Record set:
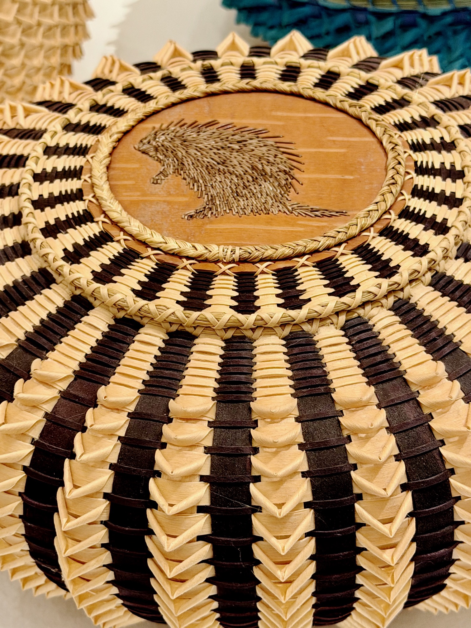 Closeup of 2010 Lidded Basket with Porcupine Design by Jeremy Frey (Passamaquoddy) woven from black ash, sweetgrass, and porcupine quills; 2010 SWIA Market award winner. Courtesy: private collection.
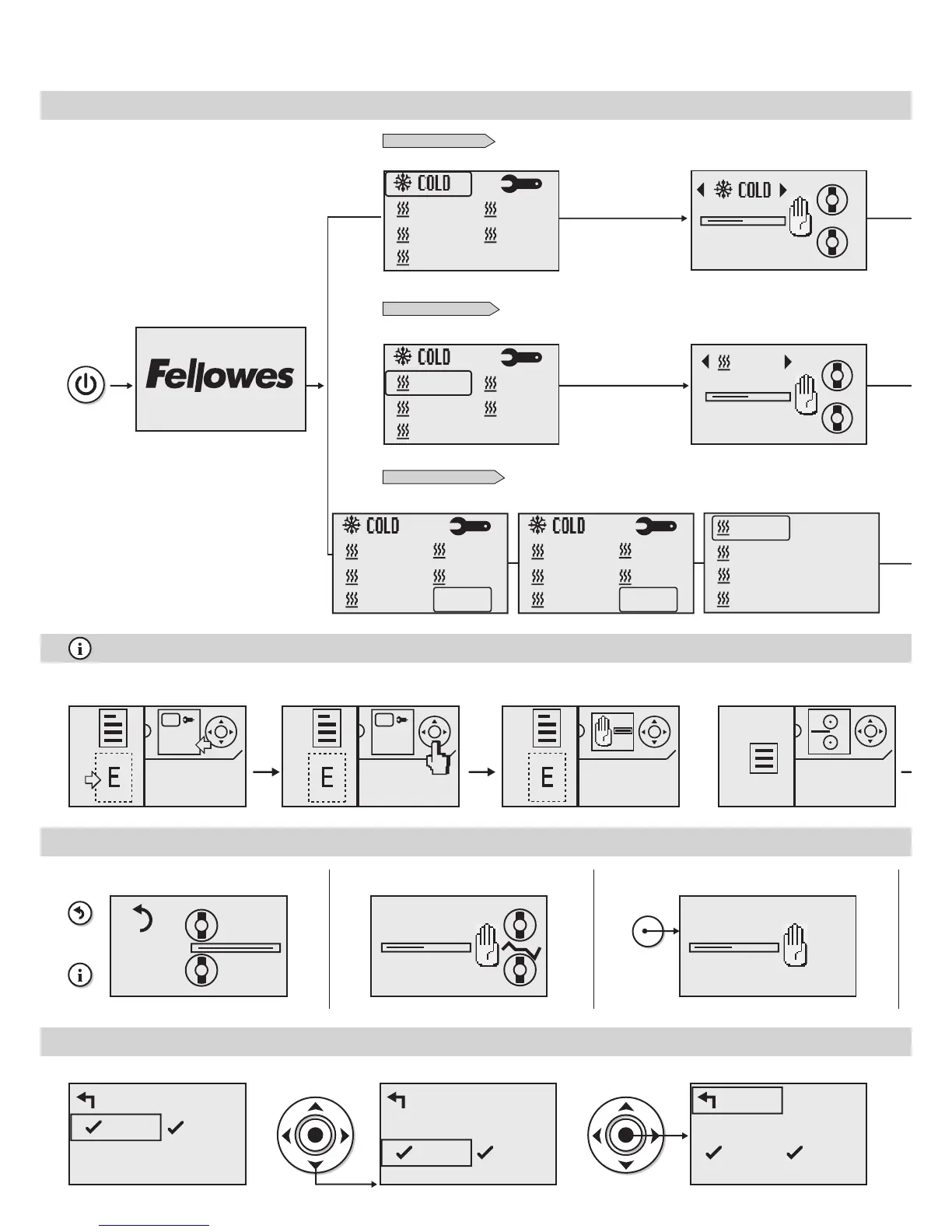Podczas użytkowania laminatora w tle na ekranie będzie wyświetlana seria animacji, ilustrując dany etap.
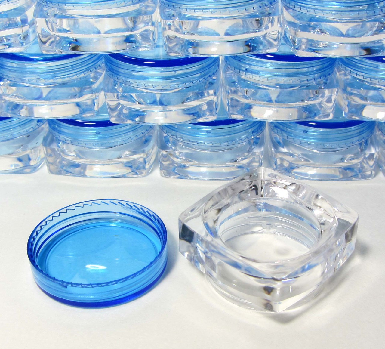 Mini Cosmetic Sample Jars – Clear Square Base with Colorful Caps
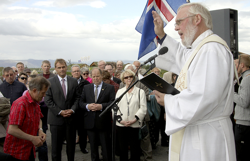 Síðdegis í dag söfnuðust gestir saman við Sesseljuhús og gengu síðan að nýjasta húsinu á staðnum, Tómasarsmiðju. Fánaberarnir Reynir Pétur og Gústi fóru fyrir skrúðgöngunni ásamt félögum úr lúðrasveitinni Svan.
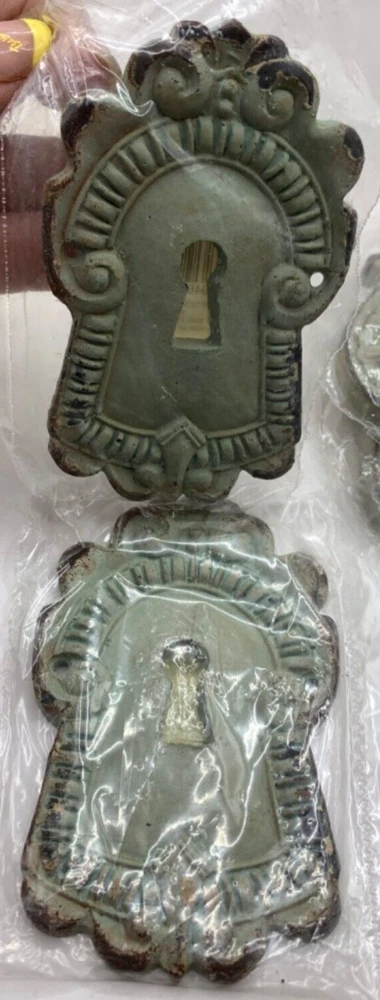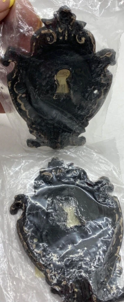 This is a set of 14 decorative resin shapes designed to add visual interest to furniture, collages, wall art -- many uses throughout the house and crafting projects. 1 of the decorative plaques is cast iron metal. The shapes include door locks, padlocks, filigrees -- all have a very Victorian gingerbread style. These are frequently used to add accents to furniture, drawer fronts, wood doors, tables, etc.
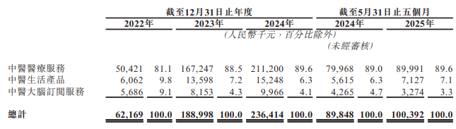 拆分结构来看,问止中医的收入主要分为三大块,其中中医医疗服务是公司的第一大收入来源,22-24年分别贡献收入5042.1万元、1.67亿元、2.11亿元,占比81.1%、88.5%、89.6%。同期,中医生活产品收入占比分别为9.8%、7.2%、6.3%,中医大脑订阅服务收入占比分别为9.1%、4.3%、4.1%。
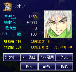 収入は2000まで増えました。全員が行動済みでユニットの雇用はできない。ターンを終了させましょう。
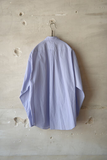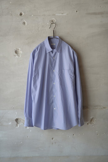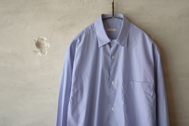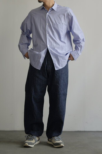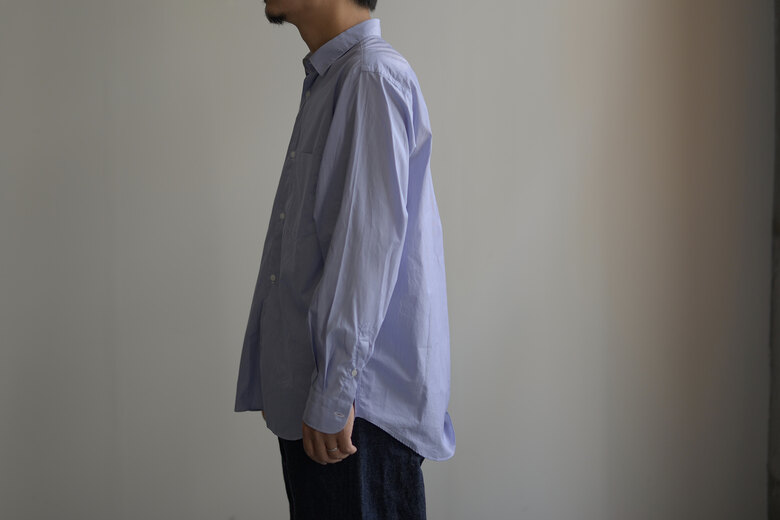 ヨーロッパの古いシャツが店頭に並ぶ事がある。自分で切って縫ったであろう極端に短く直線的な丈の物や綺麗に仕立て直した物、襟をカットした物など・・・。体型も変わるだろうし、気分が変わる事もある。どれも個性的で格好良いと思える物ばかりだった。コモリのポプリンシャツは昔のドレスシャツの丈を少し短くして普段着として使う、そんなイメージが沸いた。ハリのある素材は心地良く、光沢があり細いストライプは上品さも感じられる。そんなポプリンシャツをラフに着る事でその時代のシャツの空気感が出るような気がする。
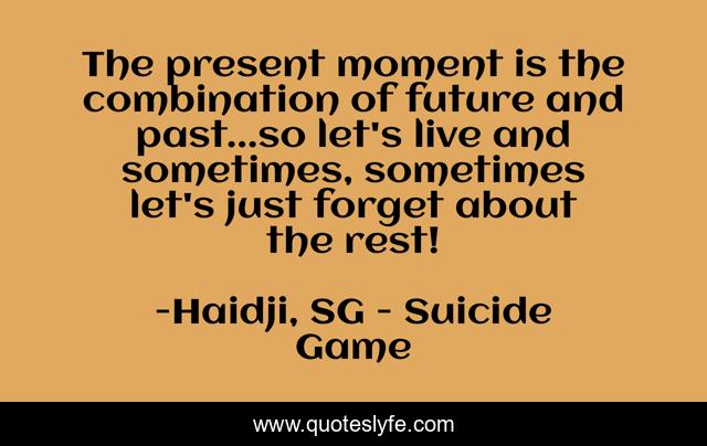 "Haidji, SG - Suicide Game Quotes." Quoteslyfe.com, 2025. Fri. 05 Dec. 2025. <https://www.quoteslyfe.com/quote/The-present-moment-is-the-combination-of-178648>.
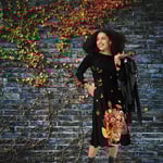 This beauty features my original collage artwork: "Autumn Night" printed all over the black dress!
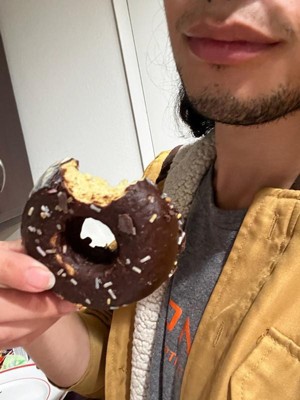 [This review was collected as part of a promotion.] This protein donut does not look like the photo on the front of the wrapper. It doesn't have as many sprinkles. The cake is very dry & not very chocolate-flavored. It had a weird fake sugar aftertaste that wasn't very appealing. The frosting didn't taste different from the rest of the cake.
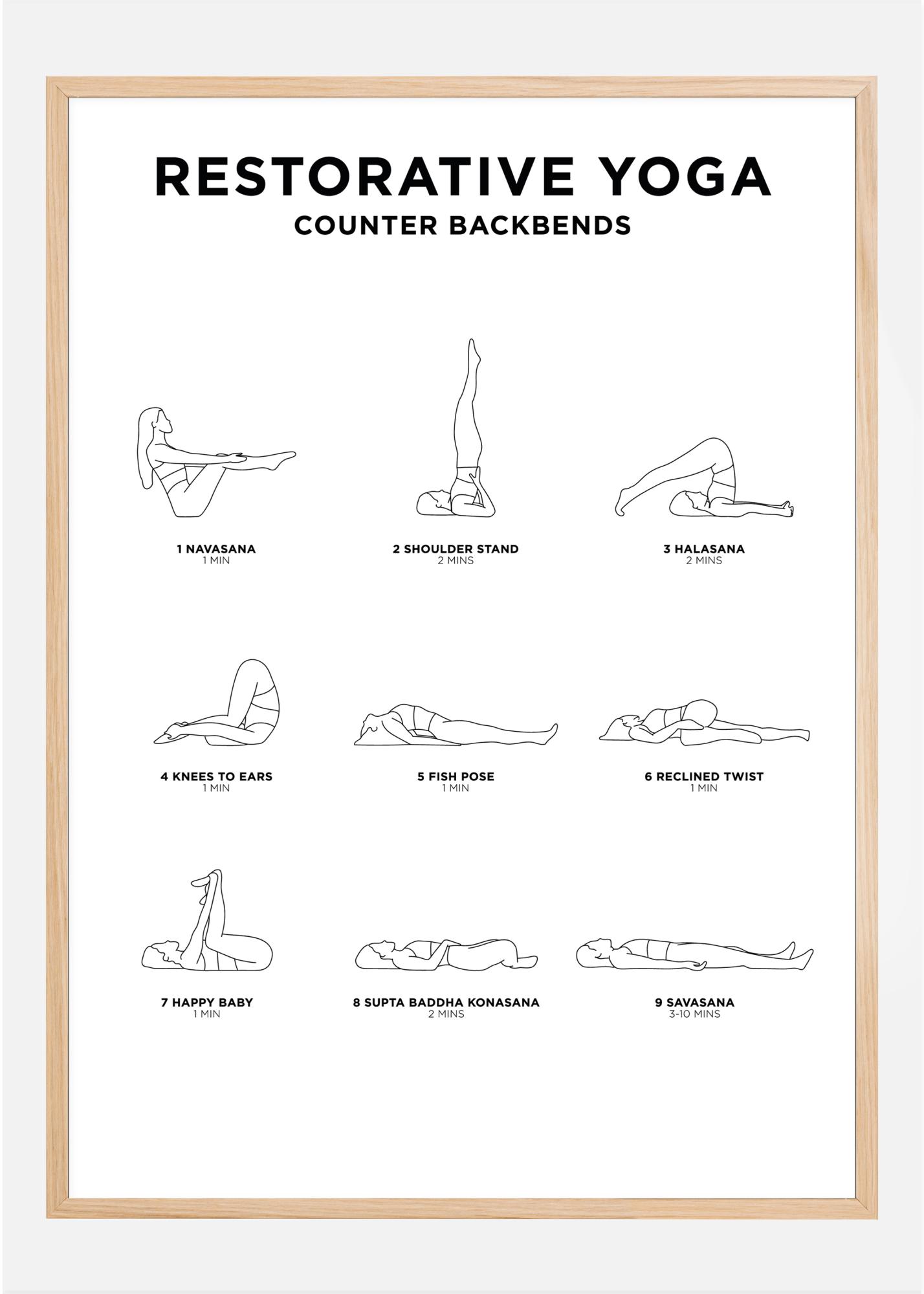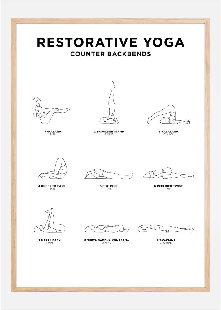 Научете се да се отпуснете с Възстановяваща йога. Този стилен плакат не е просто красив интериорен детайл, той също ви дава конкретни инструкции за позициите в този релаксиращ йога стил.

What you will do:
Could you reproduce exactly, and only, the lines from the start of the records through the line containing "ヨーロッパの古いシャツが店頭", leaving out the pictures?

Written solution:
 Closeup of 2010 Lidded Basket with Porcupine Design by Jeremy Frey (Passamaquoddy) woven from black ash, sweetgrass, and porcupine quills; 2010 SWIA Market award winner. Courtesy: private collection.
Podczas użytkowania laminatora w tle na ekranie będzie wyświetlana seria animacji, ilustrując dany etap.
 Mini Cosmetic Sample Jars – Clear Square Base with Colorful Caps
 Síðdegis í dag söfnuðust gestir saman við Sesseljuhús og gengu síðan að nýjasta húsinu á staðnum, Tómasarsmiðju. Fánaberarnir Reynir Pétur og Gústi fóru fyrir skrúðgöngunni ásamt félögum úr lúðrasveitinni Svan.
 This is a set of 14 decorative resin shapes designed to add visual interest to furniture, collages, wall art -- many uses throughout the house and crafting projects. 1 of the decorative plaques is cast iron metal. The shapes include door locks, padlocks, filigrees -- all have a very Victorian gingerbread style. These are frequently used to add accents to furniture, drawer fronts, wood doors, tables, etc.
 拆分结构来看,问止中医的收入主要分为三大块,其中中医医疗服务是公司的第一大收入来源,22-24年分别贡献收入5042.1万元、1.67亿元、2.11亿元,占比81.1%、88.5%、89.6%。同期,中医生活产品收入占比分别为9.8%、7.2%、6.3%,中医大脑订阅服务收入占比分别为9.1%、4.3%、4.1%。
 収入は2000まで増えました。全員が行動済みでユニットの雇用はできない。ターンを終了させましょう。
 ヨーロッパの古いシャツが店頭に並ぶ事がある。自分で切って縫ったであろう極端に短く直線的な丈の物や綺麗に仕立て直した物、襟をカットした物など・・・。体型も変わるだろうし、気分が変わる事もある。どれも個性的で格好良いと思える物ばかりだった。コモリのポプリンシャツは昔のドレスシャツの丈を少し短くして普段着として使う、そんなイメージが沸いた。ハリのある素材は心地良く、光沢があり細いストライプは上品さも感じられる。そんなポプリンシャツをラフに着る事でその時代のシャツの空気感が出るような気がする。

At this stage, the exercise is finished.